WORK ITEM
Whenever a line contains the string "with", copy it out of the entries.

THE RECORDS
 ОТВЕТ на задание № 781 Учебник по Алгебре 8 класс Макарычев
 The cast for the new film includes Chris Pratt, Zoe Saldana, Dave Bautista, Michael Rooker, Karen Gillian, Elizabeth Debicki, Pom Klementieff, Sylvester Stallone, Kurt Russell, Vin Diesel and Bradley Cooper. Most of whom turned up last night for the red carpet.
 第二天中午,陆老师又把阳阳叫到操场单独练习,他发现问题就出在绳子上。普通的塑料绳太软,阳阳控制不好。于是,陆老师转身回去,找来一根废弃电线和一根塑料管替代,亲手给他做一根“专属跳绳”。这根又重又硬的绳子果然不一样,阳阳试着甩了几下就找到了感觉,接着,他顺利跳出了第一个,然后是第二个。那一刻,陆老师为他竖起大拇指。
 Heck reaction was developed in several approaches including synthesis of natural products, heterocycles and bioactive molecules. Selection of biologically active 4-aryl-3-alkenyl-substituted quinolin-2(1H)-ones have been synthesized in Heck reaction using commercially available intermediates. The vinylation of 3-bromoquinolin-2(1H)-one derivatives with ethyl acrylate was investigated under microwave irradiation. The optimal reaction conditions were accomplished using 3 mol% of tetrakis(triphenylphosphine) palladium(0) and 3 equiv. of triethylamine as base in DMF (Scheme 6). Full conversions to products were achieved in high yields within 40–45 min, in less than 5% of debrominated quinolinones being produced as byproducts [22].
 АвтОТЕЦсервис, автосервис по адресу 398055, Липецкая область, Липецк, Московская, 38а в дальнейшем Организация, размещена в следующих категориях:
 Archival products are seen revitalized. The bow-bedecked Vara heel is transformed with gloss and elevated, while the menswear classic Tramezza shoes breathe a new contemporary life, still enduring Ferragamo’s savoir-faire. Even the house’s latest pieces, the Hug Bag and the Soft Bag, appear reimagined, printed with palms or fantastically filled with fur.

...

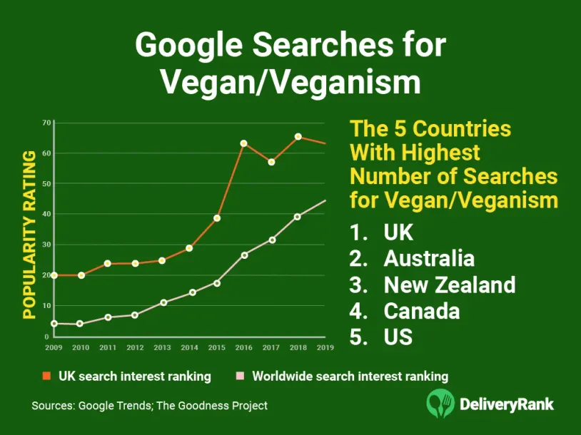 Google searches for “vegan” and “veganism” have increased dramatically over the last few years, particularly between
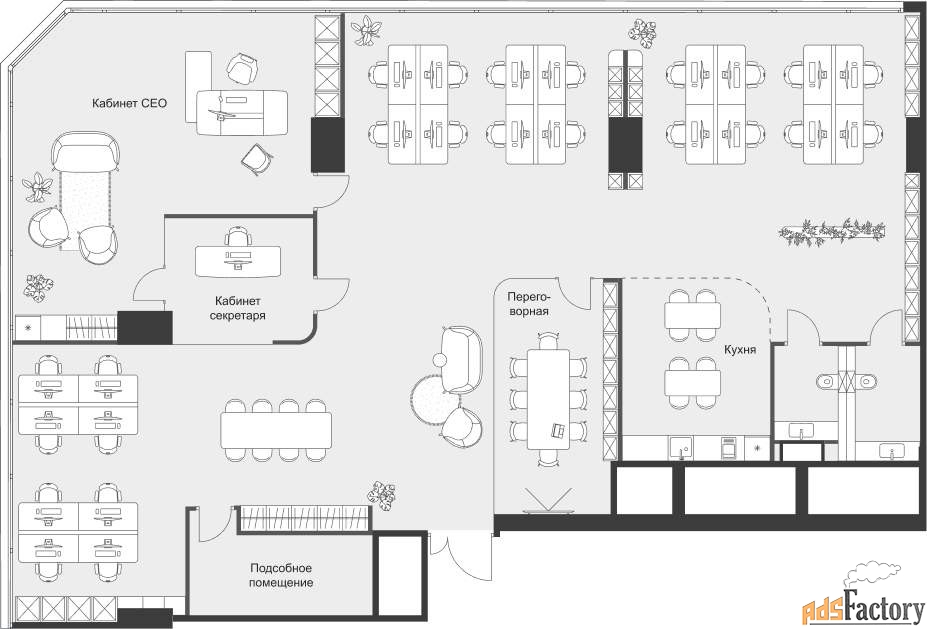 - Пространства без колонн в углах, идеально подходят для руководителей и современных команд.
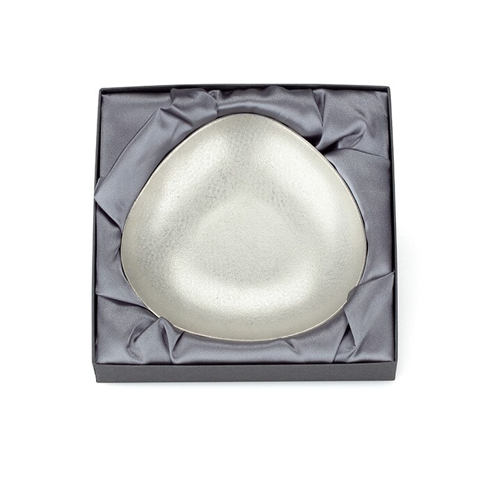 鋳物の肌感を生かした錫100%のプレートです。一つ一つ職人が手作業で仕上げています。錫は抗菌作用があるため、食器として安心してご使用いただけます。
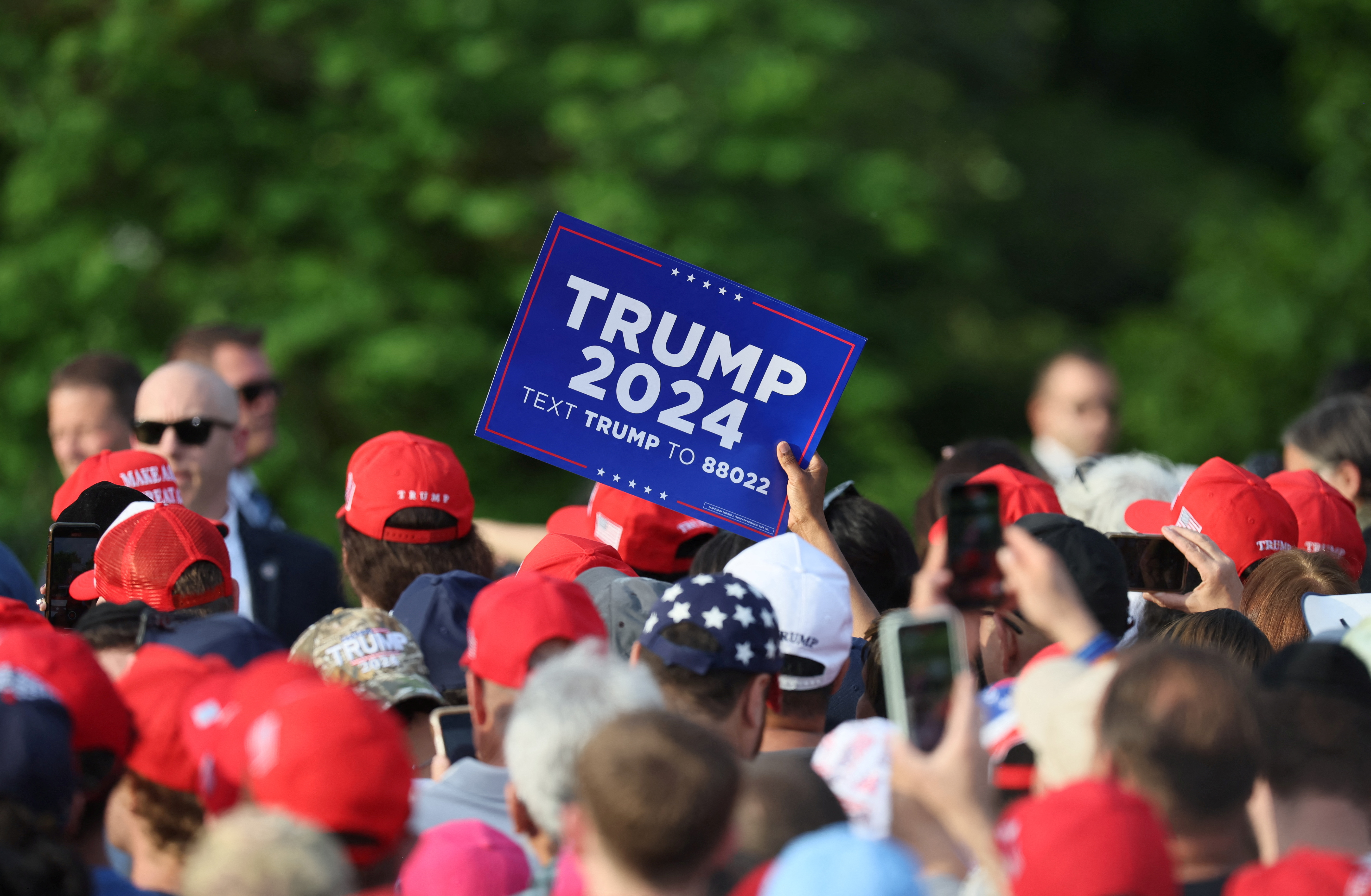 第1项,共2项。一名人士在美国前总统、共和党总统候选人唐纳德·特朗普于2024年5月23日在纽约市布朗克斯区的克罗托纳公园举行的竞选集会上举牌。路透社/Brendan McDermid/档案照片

SOLUTION TO THIS TASK
 Heck reaction was developed in several approaches including synthesis of natural products, heterocycles and bioactive molecules. Selection of biologically active 4-aryl-3-alkenyl-substituted quinolin-2(1H)-ones have been synthesized in Heck reaction using commercially available intermediates. The vinylation of 3-bromoquinolin-2(1H)-one derivatives with ethyl acrylate was investigated under microwave irradiation. The optimal reaction conditions were accomplished using 3 mol% of tetrakis(triphenylphosphine) palladium(0) and 3 equiv. of triethylamine as base in DMF (Scheme 6). Full conversions to products were achieved in high yields within 40–45 min, in less than 5% of debrominated quinolinones being produced as byproducts [22].
 Archival products are seen revitalized. The bow-bedecked Vara heel is transformed with gloss and elevated, while the menswear classic Tramezza shoes breathe a new contemporary life, still enduring Ferragamo’s savoir-faire. Even the house’s latest pieces, the Hug Bag and the Soft Bag, appear reimagined, printed with palms or fantastically filled with fur.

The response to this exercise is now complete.